Consider the following code:

1...	f(X) ->
2...		Y = g(X),
3...		h(Y, X),
4...		p(Y),
5...		f(12).

line 1 - the variable X is defined (i.e. it becomes bound when the function is entered).
line 2 - X is used, Y is defined (first occurrence).
line 3 - X and Y are used.
line 4 - Y is used. The space used by the system for storing X can be reclaimed.
line 5 - the space used for Y can be reclaimed.

Scope of variables in if/case/receive

The set of variables introduced in the different branches of an if/case/receive form must be the same for all branches in the form except if the missing variables are not referred to after the form.

f(X) ->
    case g(X) of
	true -> A = h(X), B = 7;
	false -> B = 6
    end,
    ...,
    h(A),
    ...

If the true branch of the form is evaluated, the variables A and B become defined, whereas in the false branch only B is defined.

Whether or not this an error depends upon what happens after the case function.

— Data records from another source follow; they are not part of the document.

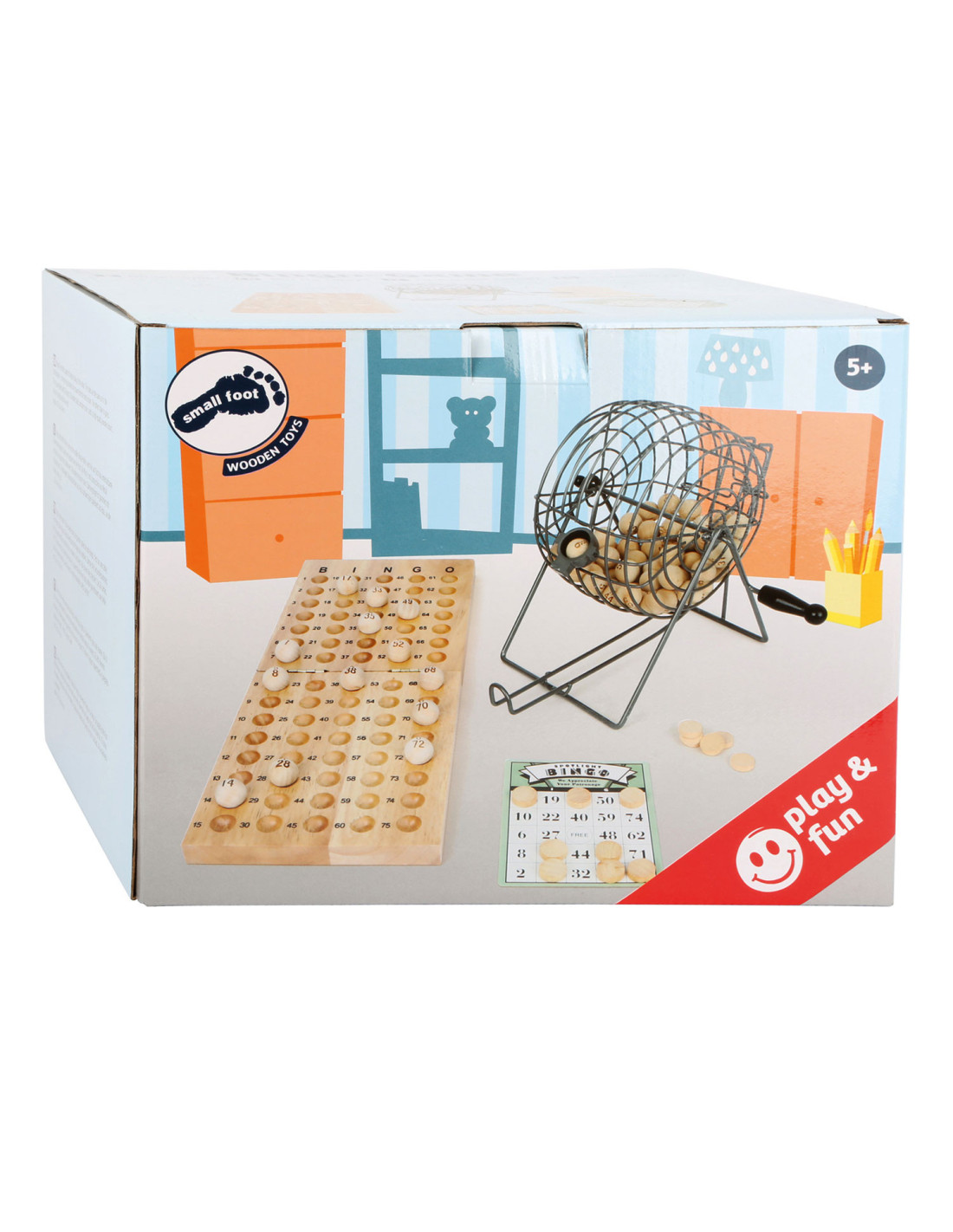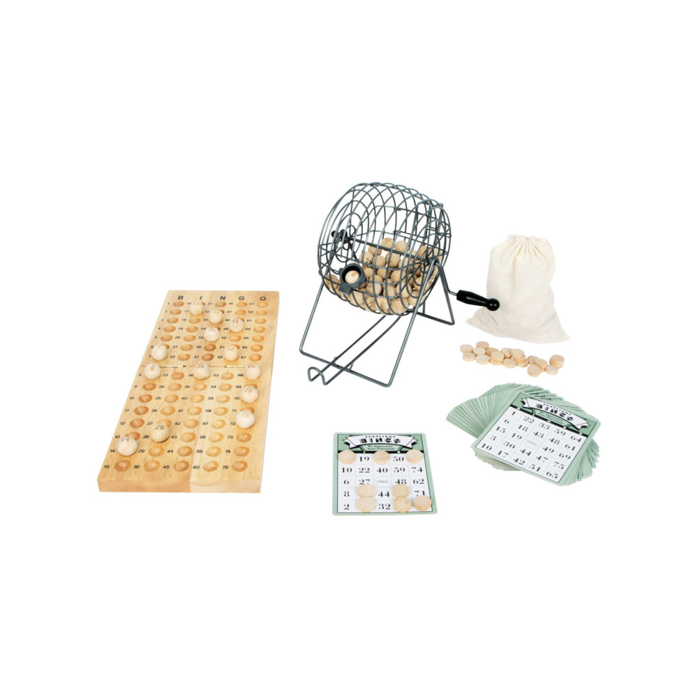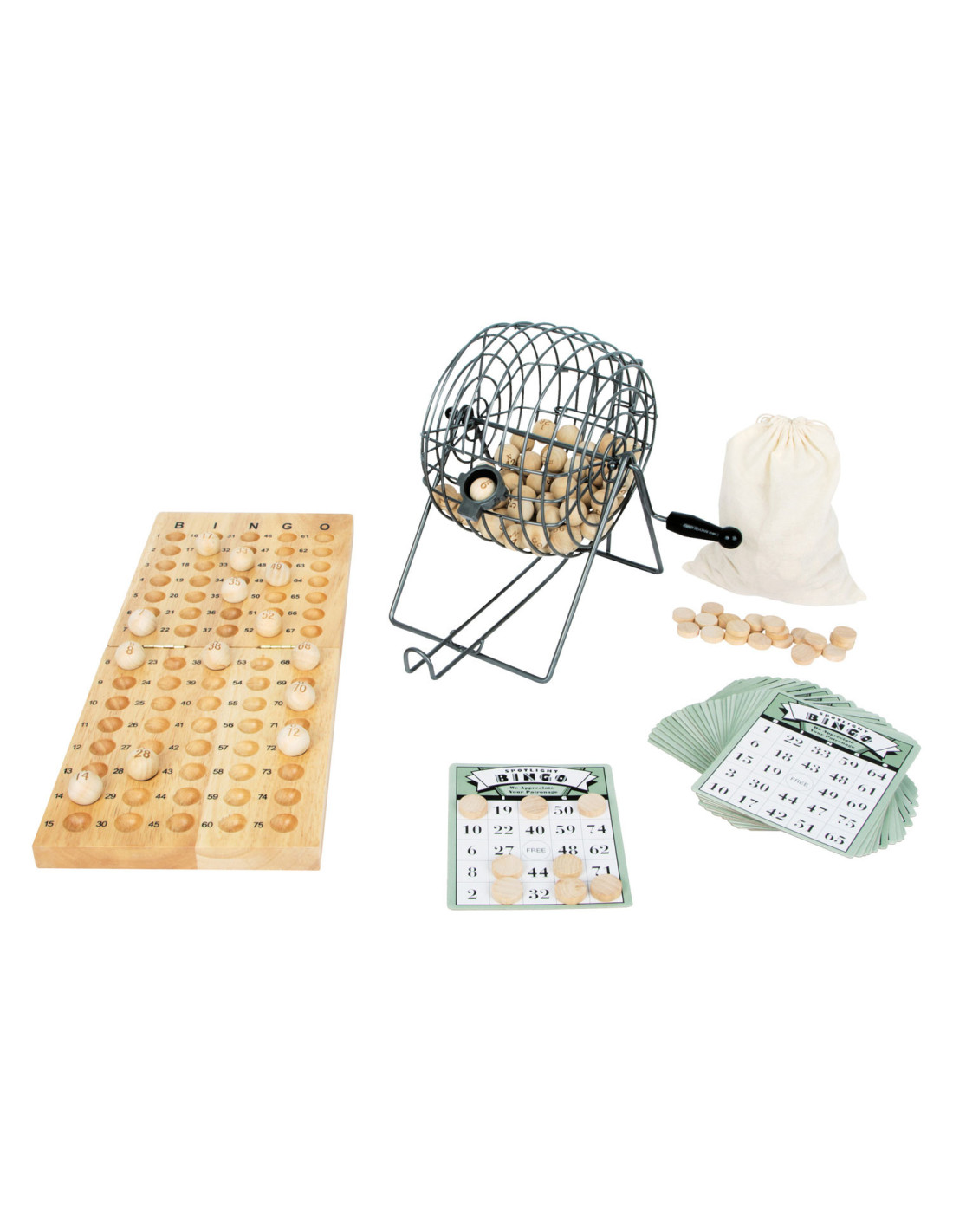 Bingo! Een realistisch bingospel om aan tafel te spelen. De regels zijn hetzelfde als voor de professionals - de winnende nummers worden uit de metalen trommel getrokken. De anderen moeten raden. Plezier is gegarandeerd met 24 kaarten, 75 houten ballen, 150 houten dekkaarten en een hoogwaardig houten bord.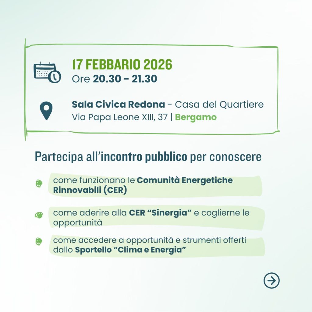 Il Comune di Bergamo invita i cittadini a scoprire le potenzialità delle Comunità Energetiche Rinnovabili (CER) durante un incontro gratuito martedì 17 febbraio alle 20:30. L’appuntamento avrà luogo presso la Sala Civica Redona, Casa del Quartiere, in via Papa Leone XIII, 37, a Bergamo. Sarà l’occasione per approfondire come funziona una Comunità Energetica Rinnovabile e come aderire alla CER “Sinergia”, un’iniziativa che punta a rendere il territorio più sostenibile e a ridurre l’impatto ambientale.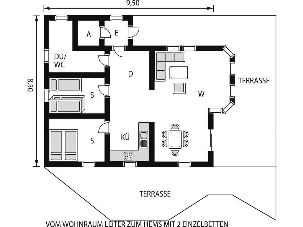 Wohnfläche 53 m². 4 Ceranfelder, Backofen, Mikrowelle, Geschirrspüler, Kühlschrank, Gefrierschrank (ca. 80 l), Kaffeemaschine, Wasserkocher, Toaster. Sat-TV (deutsche Programme), DVD. Dusche/WC. Wärmepumpenheizung, Kaminofen. Maximale Belegung: 6 Personen. Flexibilität bei der Bettenaufteilung: Es stehen mehr Schlafmöglichkeiten zur Verfügung als die maximal zugelassene Personenzahl, diese darf dennoch nicht überschritten werden.

In this example it is an error, a future reference is made to A in the call h(A) - if the false branch of the case form had been evaluated then A would have been undefined.

Catch and Throw

Suppose we have defined the following:


-module(try).
-export([foo/1]).

foo(1) -> hello;
foo(2) -> throw({myerror, abc});
foo(3) -> tuple_to_list(a);
foo(4) -> exit({myExit, 222}).

try:foo(1) evaluates to hello.

try:foo(2) tries to evaluate throw({myerror, abc}) but no catch exists. The process evaluating foo(2) exits and the signal {`EXIT',Pid,nocatch} is broadcast to the link set of the process.

try:foo(3) broadcasts {`EXIT', Pid, badarg} signals to all linked processes.

try:foo(4) since no catch is set the signal {`EXIT',Pid,{myexit, 222}} is broadcast to all linked processes.

try:foo(5) broadcasts the signal {`EXIT',Pid,function_clause} to all linked processes.

catch try:foo(1) evaluates to hello.
catch try:foo(2) evaluates to {myError,abc}.
catch try:foo(3) evaluates to {`EXIT',badarg}.
catch try:foo(4) evaluates to {`EXIT',{myExit,222}}.
catch try:foo(5) evaluates to {`EXIT',function_clause}.

Use of Catch and Throw

Catch and throw can be used to:

Protect from bad code
Cause non-local return from a function

Example:

f(X) ->
    case catch func(X) of
	{`EXIT', Why} ->
            ... error in BIF ....
            ........ BUG............
	{exception1, Args} ->
            ... planned exception ....
	Normal ->
            .... normal case ....
    end.

func(X) ->
    ...

func(X) ->
   bar(X),
   ...
...

bar(X) ->
   throw({exception1, ...}).
...

The module error_handler

The module error_handler is called when an undefined function is called.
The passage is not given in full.